Standards are useless partly because they overfocus on production of metadata, not consumption. This is all about machine intelligibility, machine reusability; why else make geospatial metadata, other than to comply with obscure operational requirements? And if that has to be done; then let’s try to make it fun, or at least as little non-fun as possible (this is the talk I’d originally tended to give; playful IRC bots for annotating the geodata repository; email nag-bots that hustle your friends to nag you into improving metadata coverage; friendly coverage competitions). For the bits that can’t be fun, let’s try to automate as much as possible, and if something can’t be at least semi-automated, then think twice about including that in a metadata requirement spec. I’m still skeptical of any claim that “given enough eyeballs, good metadata will emerge” (I think of my favourite OpenStreetmap tags - “horse=’yes’” being a personal all-time classic; perhaps OSM metadata is lacking a feedback loop of iterative verification, autosuggestion…) but there’s definitely a lot of space for “architecture of participation” ideas in metadata management.

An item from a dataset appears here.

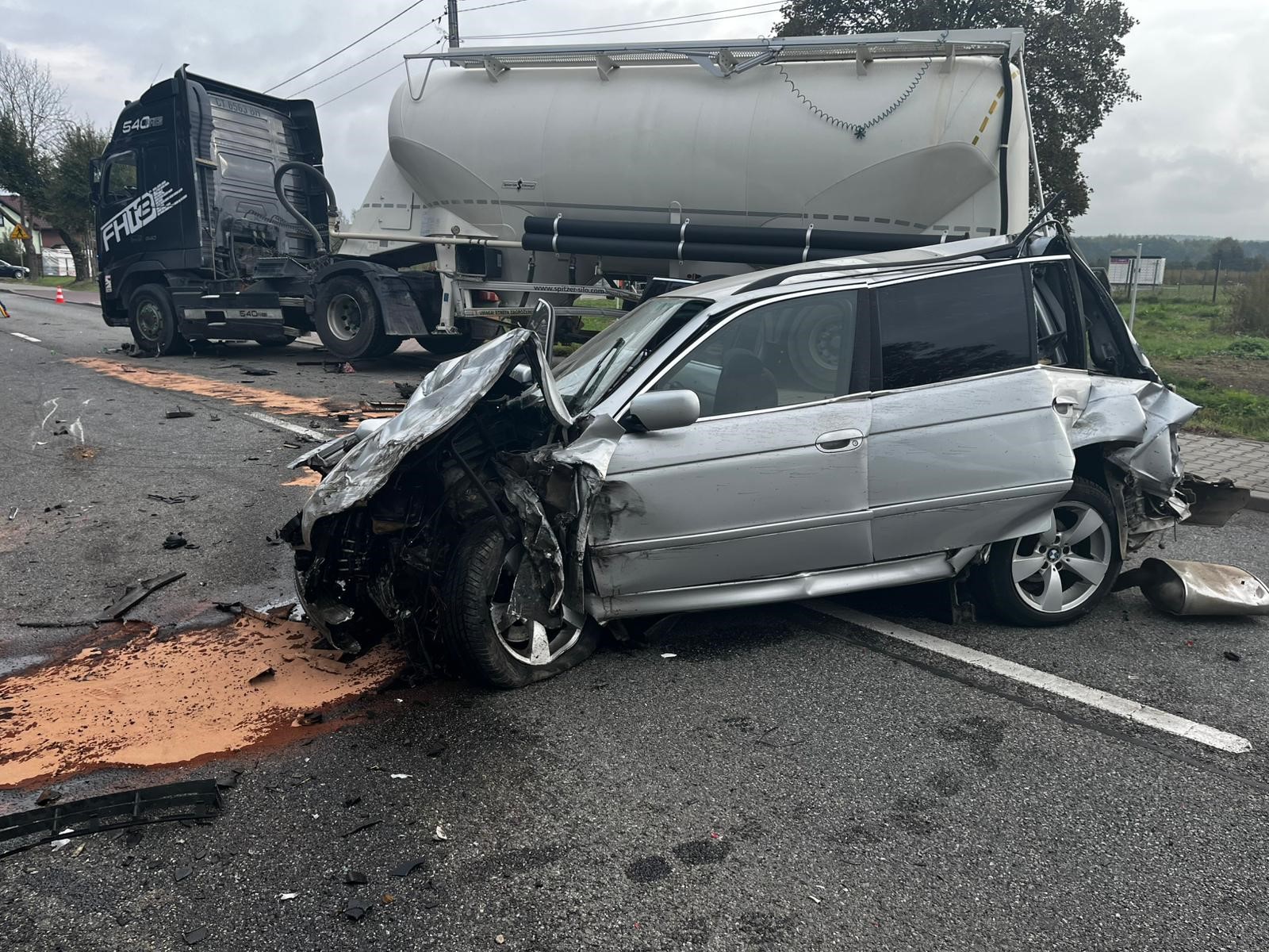 Po przybyciu na miejsce zdarzenia zastępów straży pożarnej stwierdzono, że w wyniku wypadku uszkodzone zostały dwa samochody ciężarowe oraz jeden samochód osobowy. Jeden z pojazdów ciężarowych wraz z przyczepą leżał na prawym boku w przydrożnym rowie, samochód osobowy znajdował się na środku drogi, natomiast ciągnik siodłowy z cysterną zlokalizowany był częściowo na drodze, a tylna część naczepy w rowie. Działania zastępów straży pożarnej w pierwszej fazie polegały na zabezpieczeniu miejsca zdarzenia, ewakuacji jednego z poszkodowanych z pojazdu na noszach typu deska oraz udzieleniu kwalifikowanej pierwszej pomocy wszystkim poszkodowanym. Dalsze działania polegały na odpięciu akumulatorów we wszystkich pojazdach oraz zabezpieczeniu wycieków płynów eksploatacyjnych. Trzy osoby poszkodowane po wstępnym zaopatrzeniu zostały zabrane do szpitala przez przybyłe na miejsce zdarzenia Zespoły Ratownictwa Medycznego. Pomocy uczestnikom wypadku przed przybyciem służb udzielili dwaj strażacy będący poza służbą, którzy najechali na zdarzenie. W czasie prowadzonych działań ruch drogowy był całkowicie zamknięty. Na czas czynności dochodzeniowych prowadzonych przez Policję miejsce zdarzenia było zabezpieczane przez dwa zastępy Ochotniczych Straży Pożarnych.

So I’m still listening for the core. I’m quite happy with the boiled-down model we have developed at
OSGeo. I’m very reassured that it seems to fit well with the judgement of a domain expert like Stefan Keller. I’m looking forward to getting stuck into the FAO GeoNetwork development process a bit; offering our simplified model + editing interface as a pluggable backend for their heavier lifting catalog services interfaces. I’m very happy about the prospect of more value for less code. I don’t mind whether the interface is CSW, OAI-PMH, OWSCat or Z39.50 as long as I can talk to it. I don’t mind whether the format is RDF/XML, FGDC or ISO19115 XML, GeoRSS, JSON or S-expressions as long as I can communicate my understanding of it and maintain a consistent map to the simple underlying model.
This is my new motto: “Be promiscuous in what you send, and promiscuous in what you receive”. I could see supporting a whole matrix of interface+format combinations -
a bit like one of those Mongolian wok restaurants - choose your starch, choose your protein, and optimise your stock for the most popular configuration. If people really
want KML+Dublin Core over CSW, or tab-delimited FGDC over Z39.50 - give it to them! (I still draw the line below ebRIM, though. It just sounds painful.)

Where next for all this? I have a sense of a data access bottleneck; there are so many open web services for geographic information leaking around in the world; they’re just not being indexed, or really integrated into authoring or packaging applications
in interesting ways yet. This is going to change soon; there’ll be a lot more exposed data to work with. Well, I believed this fervently about the semweb for a while, and I still see metadata/discovery as one of those fibrous places where the geospatial web and the semantic web really can help solve each others’ problems.

One next-fun-place is into spatial data brokering applications; being able to thtink
about spatial search more clearly, and in a way more oriented towards users, and better integrated with friendlier clients ( a direction that uDig is really leading the edge of right now.) Then feedback based recommendation starts to become possible - “people who asked for feature sets at this accuracy level in this bounding box also liked…”, “people who annotated a geometry shaped a bit like this suggested it was a…”. There’s also a prospect of automating more kinds of classification - using conflation-like techniques to guesstimate what features represent, based on how they’re shaped, what they’re near, what kinds of features people juxtapose them with in mapmaking
applications. There’s a prospect of actually building spatial data search and packaging applications that are useful for people who don’t already know more or less exactly what they’re doing and exactly what they’re looking for - imagine that!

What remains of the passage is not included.